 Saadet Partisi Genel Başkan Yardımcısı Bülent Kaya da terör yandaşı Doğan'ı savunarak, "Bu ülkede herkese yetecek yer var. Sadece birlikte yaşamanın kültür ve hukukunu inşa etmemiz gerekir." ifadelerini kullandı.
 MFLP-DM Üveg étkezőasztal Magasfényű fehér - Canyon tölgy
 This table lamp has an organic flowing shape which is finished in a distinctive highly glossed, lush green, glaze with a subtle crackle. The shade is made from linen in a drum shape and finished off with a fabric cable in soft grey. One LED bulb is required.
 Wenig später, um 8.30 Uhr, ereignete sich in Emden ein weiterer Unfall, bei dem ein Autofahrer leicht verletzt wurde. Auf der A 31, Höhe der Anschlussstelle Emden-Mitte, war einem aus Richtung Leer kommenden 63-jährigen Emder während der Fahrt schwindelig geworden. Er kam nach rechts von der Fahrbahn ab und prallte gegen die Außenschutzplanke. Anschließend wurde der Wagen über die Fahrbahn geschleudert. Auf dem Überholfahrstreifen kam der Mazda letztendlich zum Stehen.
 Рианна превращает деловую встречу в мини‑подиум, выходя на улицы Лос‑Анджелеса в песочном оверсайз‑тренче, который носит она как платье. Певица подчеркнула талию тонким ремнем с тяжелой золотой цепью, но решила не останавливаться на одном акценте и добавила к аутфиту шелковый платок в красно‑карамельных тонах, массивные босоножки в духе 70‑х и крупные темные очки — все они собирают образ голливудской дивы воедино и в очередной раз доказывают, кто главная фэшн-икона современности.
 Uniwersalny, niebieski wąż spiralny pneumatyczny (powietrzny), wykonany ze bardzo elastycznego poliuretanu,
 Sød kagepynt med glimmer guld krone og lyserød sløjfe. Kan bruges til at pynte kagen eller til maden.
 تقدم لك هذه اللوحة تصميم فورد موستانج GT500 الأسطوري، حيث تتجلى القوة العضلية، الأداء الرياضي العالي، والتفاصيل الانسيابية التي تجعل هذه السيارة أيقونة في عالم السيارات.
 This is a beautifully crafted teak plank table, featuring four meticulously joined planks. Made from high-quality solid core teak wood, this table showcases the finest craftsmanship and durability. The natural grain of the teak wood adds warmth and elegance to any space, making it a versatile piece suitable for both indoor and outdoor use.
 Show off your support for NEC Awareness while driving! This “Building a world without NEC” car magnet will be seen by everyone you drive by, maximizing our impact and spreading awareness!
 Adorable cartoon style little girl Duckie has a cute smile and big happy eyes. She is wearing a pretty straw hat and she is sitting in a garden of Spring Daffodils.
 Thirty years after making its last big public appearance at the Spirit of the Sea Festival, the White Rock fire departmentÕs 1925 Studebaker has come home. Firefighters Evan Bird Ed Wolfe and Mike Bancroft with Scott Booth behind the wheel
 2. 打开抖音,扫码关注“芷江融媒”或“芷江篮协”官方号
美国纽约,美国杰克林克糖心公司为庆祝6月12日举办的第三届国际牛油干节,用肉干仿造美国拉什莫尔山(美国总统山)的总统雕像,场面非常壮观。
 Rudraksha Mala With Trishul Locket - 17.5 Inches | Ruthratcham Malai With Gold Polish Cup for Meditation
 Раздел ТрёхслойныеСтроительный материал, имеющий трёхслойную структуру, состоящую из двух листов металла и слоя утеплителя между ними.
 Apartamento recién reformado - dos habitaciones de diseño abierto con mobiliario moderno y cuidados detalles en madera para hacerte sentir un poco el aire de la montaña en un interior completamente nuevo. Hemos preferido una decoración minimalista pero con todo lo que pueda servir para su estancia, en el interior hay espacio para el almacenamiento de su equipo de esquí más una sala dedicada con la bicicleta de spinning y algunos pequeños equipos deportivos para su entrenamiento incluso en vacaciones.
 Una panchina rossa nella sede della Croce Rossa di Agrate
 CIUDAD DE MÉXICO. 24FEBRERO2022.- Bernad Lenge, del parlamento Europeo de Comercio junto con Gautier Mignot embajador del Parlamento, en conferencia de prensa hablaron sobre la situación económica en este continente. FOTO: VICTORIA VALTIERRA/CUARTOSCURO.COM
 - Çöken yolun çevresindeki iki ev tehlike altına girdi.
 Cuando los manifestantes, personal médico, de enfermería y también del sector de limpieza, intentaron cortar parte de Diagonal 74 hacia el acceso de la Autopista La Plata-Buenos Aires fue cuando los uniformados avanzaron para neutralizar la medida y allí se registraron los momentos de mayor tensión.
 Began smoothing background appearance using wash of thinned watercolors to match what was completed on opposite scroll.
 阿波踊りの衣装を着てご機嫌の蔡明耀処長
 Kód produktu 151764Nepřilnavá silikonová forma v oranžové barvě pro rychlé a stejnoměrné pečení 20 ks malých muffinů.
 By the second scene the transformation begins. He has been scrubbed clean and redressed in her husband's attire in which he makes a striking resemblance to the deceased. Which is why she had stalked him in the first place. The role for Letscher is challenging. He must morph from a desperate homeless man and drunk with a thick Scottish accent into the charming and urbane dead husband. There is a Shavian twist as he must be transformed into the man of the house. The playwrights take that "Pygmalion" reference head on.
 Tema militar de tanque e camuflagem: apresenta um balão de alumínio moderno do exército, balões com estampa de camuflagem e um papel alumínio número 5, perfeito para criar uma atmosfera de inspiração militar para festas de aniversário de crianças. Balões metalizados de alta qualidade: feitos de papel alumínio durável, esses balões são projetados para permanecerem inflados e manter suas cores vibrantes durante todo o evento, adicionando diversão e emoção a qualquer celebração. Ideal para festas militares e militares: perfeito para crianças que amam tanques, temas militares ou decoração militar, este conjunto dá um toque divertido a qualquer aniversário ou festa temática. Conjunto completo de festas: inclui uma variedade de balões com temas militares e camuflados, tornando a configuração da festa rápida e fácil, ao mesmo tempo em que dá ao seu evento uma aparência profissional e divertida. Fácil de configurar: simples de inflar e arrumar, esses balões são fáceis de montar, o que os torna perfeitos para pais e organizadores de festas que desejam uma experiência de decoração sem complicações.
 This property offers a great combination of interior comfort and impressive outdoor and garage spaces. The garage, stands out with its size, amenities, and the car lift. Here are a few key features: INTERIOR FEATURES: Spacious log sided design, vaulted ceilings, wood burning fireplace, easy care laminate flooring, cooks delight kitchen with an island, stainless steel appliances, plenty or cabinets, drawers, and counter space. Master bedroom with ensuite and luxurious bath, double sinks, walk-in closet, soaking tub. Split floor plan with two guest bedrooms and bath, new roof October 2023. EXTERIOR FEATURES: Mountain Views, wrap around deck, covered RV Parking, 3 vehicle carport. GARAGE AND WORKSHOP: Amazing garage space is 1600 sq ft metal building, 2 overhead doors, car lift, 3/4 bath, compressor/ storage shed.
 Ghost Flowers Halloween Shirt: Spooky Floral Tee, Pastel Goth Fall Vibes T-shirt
_ _ _ _ _ _ _
Would you please return all lines of the data that include the word "interior"?

 Apartamento recién reformado - dos habitaciones de diseño abierto con mobiliario moderno y cuidados detalles en madera para hacerte sentir un poco el aire de la montaña en un interior completamente nuevo. Hemos preferido una decoración minimalista pero con todo lo que pueda servir para su estancia, en el interior hay espacio para el almacenamiento de su equipo de esquí más una sala dedicada con la bicicleta de spinning y algunos pequeños equipos deportivos para su entrenamiento incluso en vacaciones.
 This property offers a great combination of interior comfort and impressive outdoor and garage spaces. The garage, stands out with its size, amenities, and the car lift. Here are a few key features: INTERIOR FEATURES: Spacious log sided design, vaulted ceilings, wood burning fireplace, easy care laminate flooring, cooks delight kitchen with an island, stainless steel appliances, plenty or cabinets, drawers, and counter space. Master bedroom with ensuite and luxurious bath, double sinks, walk-in closet, soaking tub. Split floor plan with two guest bedrooms and bath, new roof October 2023. EXTERIOR FEATURES: Mountain Views, wrap around deck, covered RV Parking, 3 vehicle carport. GARAGE AND WORKSHOP: Amazing garage space is 1600 sq ft metal building, 2 overhead doors, car lift, 3/4 bath, compressor/ storage shed.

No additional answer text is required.